Stephen Mallon's "Next Stop Atlantic" Exhibition Opens Tonight at the Visual Arts Center of New Jersey


STEPHEN MALLON: NEXT STOP ATLANTIC
July 29 - September 25, 2011
Opening Reception: Friday, July 29, 6 pm - 8 pm
Closing Reception: Friday, September 23, 6 pm - 8 pm

The industrial landscape has held a life-long attraction for photographer Stephen Mallon. Seeking what he calls “a surreal beauty” in its machinery and sites, he creates powerful images and captures some extraordinary moments. Mallon also has a special interest in reclamation projects that salvage, rebuild or repurpose the products of industry. These twin impulses led him to spend three years documenting the New York City Metropolitan Transit Authority’s recycling program that builds artificial underwater reefs from decommissioned subway cars. Next Stop Atlantic tracks the final journey of these cars as they travel toward their last stop, the Atlantic Ocean.

This photographic series dramatically depicts the moments before, during, and after the cars are dropped into the ocean to create a new home for undersea life. Mallon shows us the subway cars in a transitional stage between their former and future lives, before their transformation from active to passive is complete. He offers two kinds of images: cars at rest—stripped, stockpiled, and seemingly at the end of the line—and cars put back in motion as they are dropped off the barges. The poignancy of the images may result from the displacement of the trains—they are quite literally out of their element. There is a poetic, even elegiac quality to many of these photographs. Virginia Placement, which freezes the moment just before a car hits the water, suggests a burial at sea. In images like Sink and Settling we witness the instant before the ocean swallows the cars whole. The American flag on the side of the sinking train in Pool is a stunning reminder of Nature’s ultimate power over Man.

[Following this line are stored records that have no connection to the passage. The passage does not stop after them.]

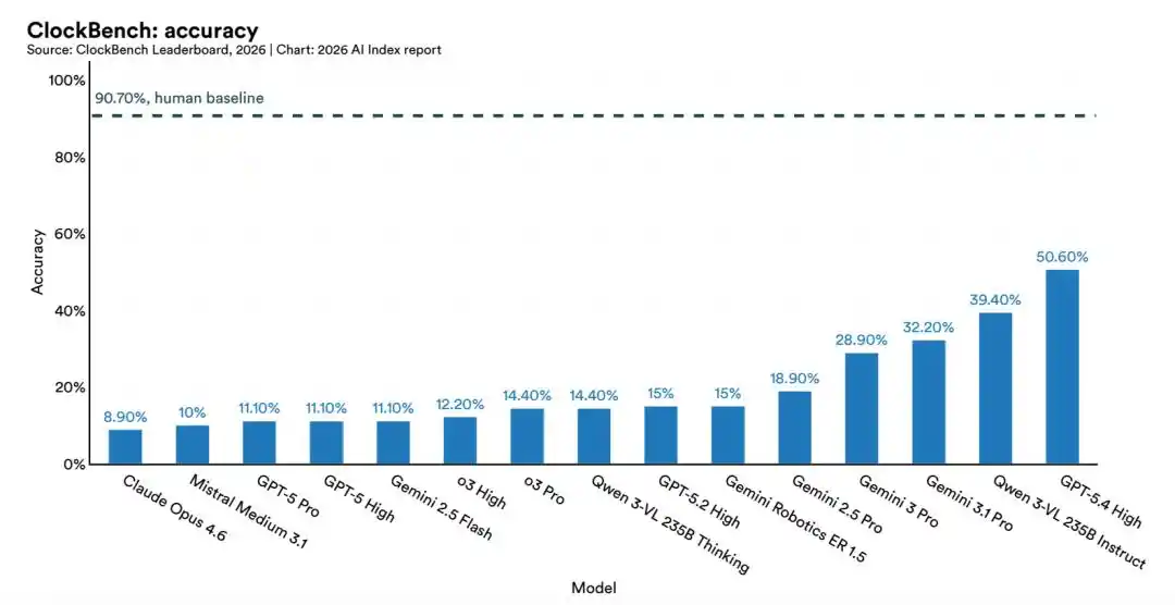 LLM 可以拿下 IMO 金牌,却读不对模拟时钟,正确率仅为 50.1%。
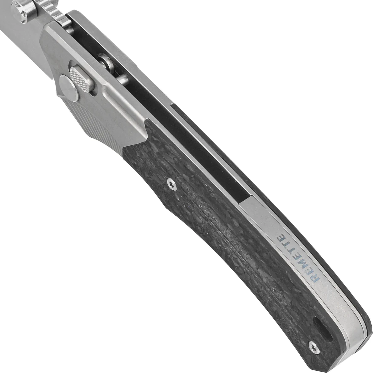 WD107 Gray Titanium / Carbon Fiber, Hand Grinding Pearlescent an exceptional folder designed by Remette Knives, which combines extraordinary build quality with functionality ideal for everyday use. The handle is a unique combination of titanium bolster and Carbon Fiber composite grips. The knife's blade is made of top-quality Böhler M390 steel with excellent wear resistance, corrosion resistance and long-lasting sharpness retention. This makes the WD107 ready for challenges, whether you use it in the kitchen, hiking or for everyday tasks. The size is appropriately sized for everyday carry. It's neither too big nor too small - perfect for tucking into a pants or jacket pocket. It is not only a tool, but also a sophisticated addition to your collection. Its quality, durability and functionality will make you love it for a long time.
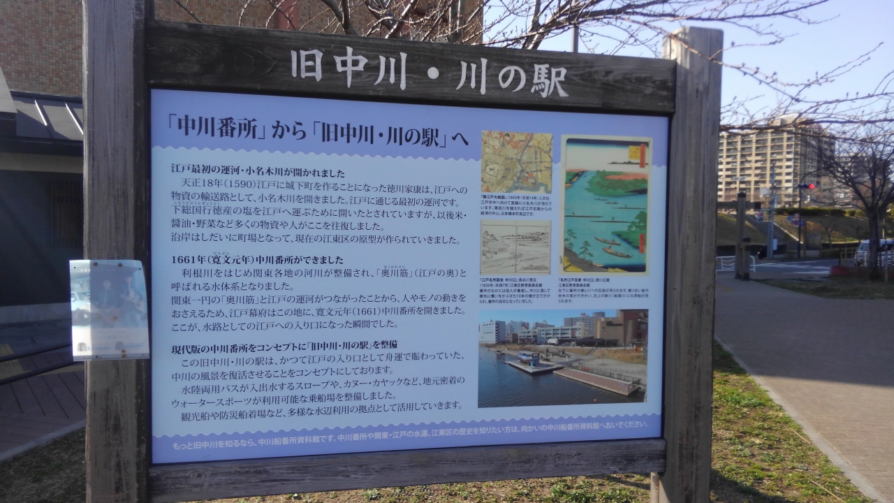 都営新宿線東大島駅から歩いていける場所にあります。ここにはかつての番所があった場所から駅へと変貌を遂げました。かつて水運でにぎわっていた歴史を生かして現在では観光船などの水辺利用の拠点として活用されています。
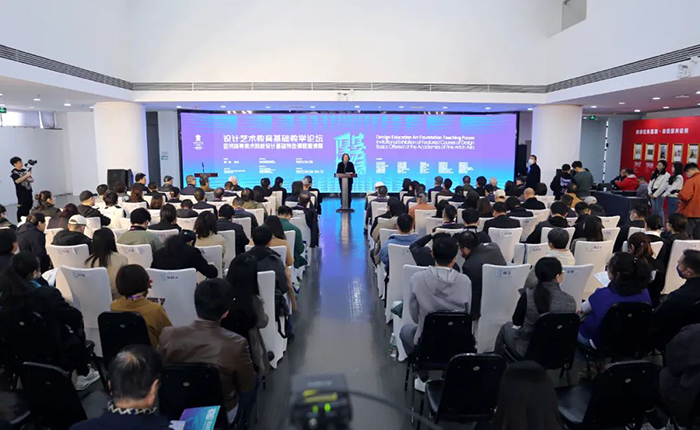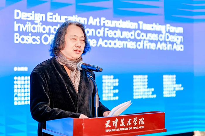 活动当天,参会领导嘉宾和专家学者们围绕论坛主题分别开展了四场论坛。第一场论坛主题为“基础新维度”,由天津美术学院教务处处长、造型艺术学院院长寇疆晖担任学术主持,教育部高等学校设计学类专业教学指导委员会副主任委员、中国美术学院原副院长宋建明以《色彩设计的教与育》为题,鲁迅美术学院副院长赵璐以《设计生成与升维的体系建构》为题,中央美术学院设计学院副院长张欣荣以《基础的升维——教学改革前进中的艺术设计基础教育》为题,南京艺术学院原设计学院院长邬烈炎以《关于主题型、综合性设计基础课程模式的实验》为题,教育部艺术硕士专业学位教育委员会委员、同济大学原设计创意学院副院长范圣玺以《设计基础教育的创造力培养》为题,清华大学美术学院基础部主任邱松以《通识设计基础教育的思考与实践》为题,天津美术学院设计艺术学院院长高山以《厚积薄发,和而不同,守正创新——天津美术学院设计基础的教学维度》为题分别进行了发言。

It is almost possible to hear the sounds implicit in these photographs—the clanking of steel, the large “splash” and then the final, eerie silence. The rapid motion, dynamism and often overpowering noises associated with working subway cars are distant memories. The future of these trains will be quiet and stationary; the only movement they experience will be the water’s currents and the darting fish. They are a perfect symbol of the surreal beauty Mallon seeks.